Let’s first talk about sales. **How to calculate Online ROI** for your sales. First, we need to talk about what margin is. And basically it’s the difference between the price you’re charging for it and your actual true cost of making it. And then you have to figure out how many extra of those “things” you have to sell in order to cover the cost of that advertising and in order to make it worth it. And not only to just cover the cost of advertising, but an extra profit to make it worth it.

This is usually a time when i discuss something called AOV, that if you actually sell something online, your goal is not necessarily to sell a tonne of your product, your goal is to make more money on each shipment you make! In other words, it only costs you 1 box to send 1 product, but sometimes you can get 3 or 4 products in a box, so therefore your costs are lower and you make more money. I’m gonna have a video on this concept later so be on the lookout for it.

So let’s give an example from a sales standpoint. Let’s say that you sell cookies. And when you sell em, you sell em by the case, of course you don’t ship 1 cookie at a time! So let’s say that right now before you do this new advertising thing you sell 100 cases per month. The price per case you’re charging is $50. The cost per case, in other words for you to make it and ship it (everything I mean) is 20 bucks.

Therefore your margin is what? 30 Dollars! Now you figure out this guy is trying to sell me some advertising and it’ll cost me a 100 dollars a month. Well if I want to calculate the ROI on that 100 dollar a month advertising, basically I’ve got to to sell 4 extra cases to break even. Which means I want to sell a lot more than that to make it even worth it. Take a look at these numbers and I think you’ll see how I came up with that.

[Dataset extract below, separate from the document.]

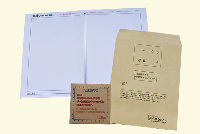 見返し指示用紙・入稿用CD(又はDVD)・写真袋が入っています。
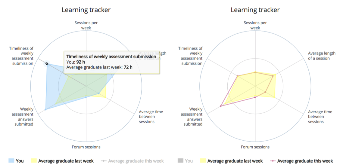 In her research she has shown that feedback on learner behaviour, such as the learner tracker, might lead to changes in a learner’s overall behaviour and not only in the areas they received feedback on.

Now let’s talk about calculating ROI on Leads, which is in some peoples’ minds a little more difficult. First of all, you’ve got to realize that our goal here is to figure out what is the value of a lead, not a sale. What is the value of a qualified prospect calling you?

Then, you’ve got to figure out how many leads do you currently get. I mean before you do this advertising you’re gonna be paying for, how many leads do you already get, how many qualified leads? You might get some random calls out of the blue but how many leads do you get now?

And then you’ve got to figure out what you’re close rate is. In other words if I put a **qualified lead** in front of you, someone who actually is looking for your product, and you get to talk to them or meet with them, what is your percentage chance that you’re gonna close the deal and sell them?

And now if you’ve done enough sales, you should be able to figure this out. It can be anywhere from 20% of the qualified leads you close to or it can be up to 80% or even 90%, depending on how good of a salesman you are.

At that point we want to figure in what is the value of 1 sale? In other words, when you sell 1 thing, 1 service whatever it is you’re selling to this lead, what is the value of that. And if it’s an ongoing, you may want to calculate what is the value of that over a year. You’ve got to come up with a dollar amount for 1 sale.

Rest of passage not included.